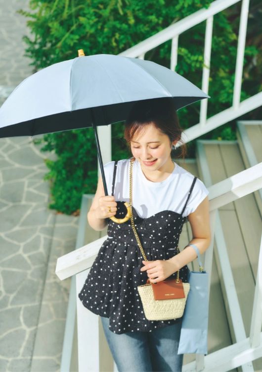 傘¥14,300/untule(キャロットカンパニー) コルセットキャミソール¥46,200/ダブルスタンダードクロージング(フィルム) カットソー[ビスチェ付き]¥13,970/LILY BROWN(LILY BROWN ルミネエスト 新宿店) パンツ¥29,700/ヤヌーク(カイタックインターナショナル) イヤリング¥13,200/ete リング¥13,200/ココシュニック オンキッチュ(ココシュニック)  バッグ¥14,900/CHARLES & KEITH JAPAN
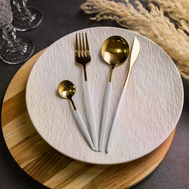 Набір столових приборів золотисто-білий на 6 персон 24 предмета з високоякісної нержавіючої сталі
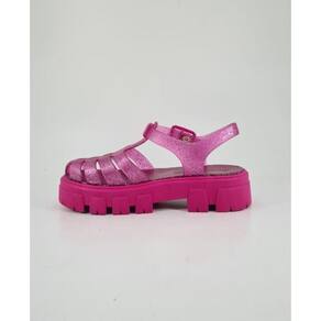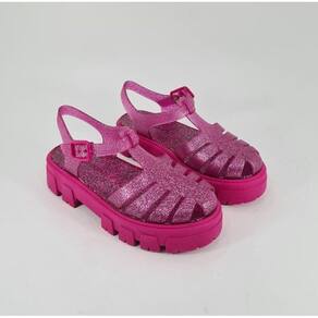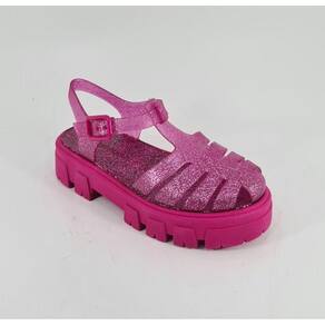 O material do cabedal é rosa translucido e possui glitter rosa pink.
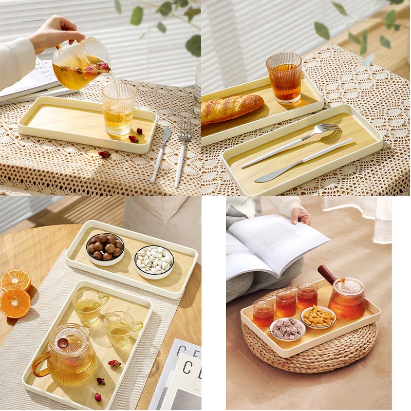 Detail 【COD】Rectangle Tray Tatakan Persegi/Nampan Estetik Tatakan/Nampan Kayu Tatakan/Nampan Saji Bahan Kayu/Tatakan Estetik
++++++
- _PROBLEM STATEMENT_
Take the line with "Набір столових приборів" and each line after it through the end of the material above, and reproduce them exactly, without the pictures.

- _ANSWER SECTION_
 Набір столових приборів золотисто-білий на 6 персон 24 предмета з високоякісної нержавіючої сталі
 O material do cabedal é rosa translucido e possui glitter rosa pink.
 Detail 【COD】Rectangle Tray Tatakan Persegi/Nampan Estetik Tatakan/Nampan Kayu Tatakan/Nampan Saji Bahan Kayu/Tatakan Estetik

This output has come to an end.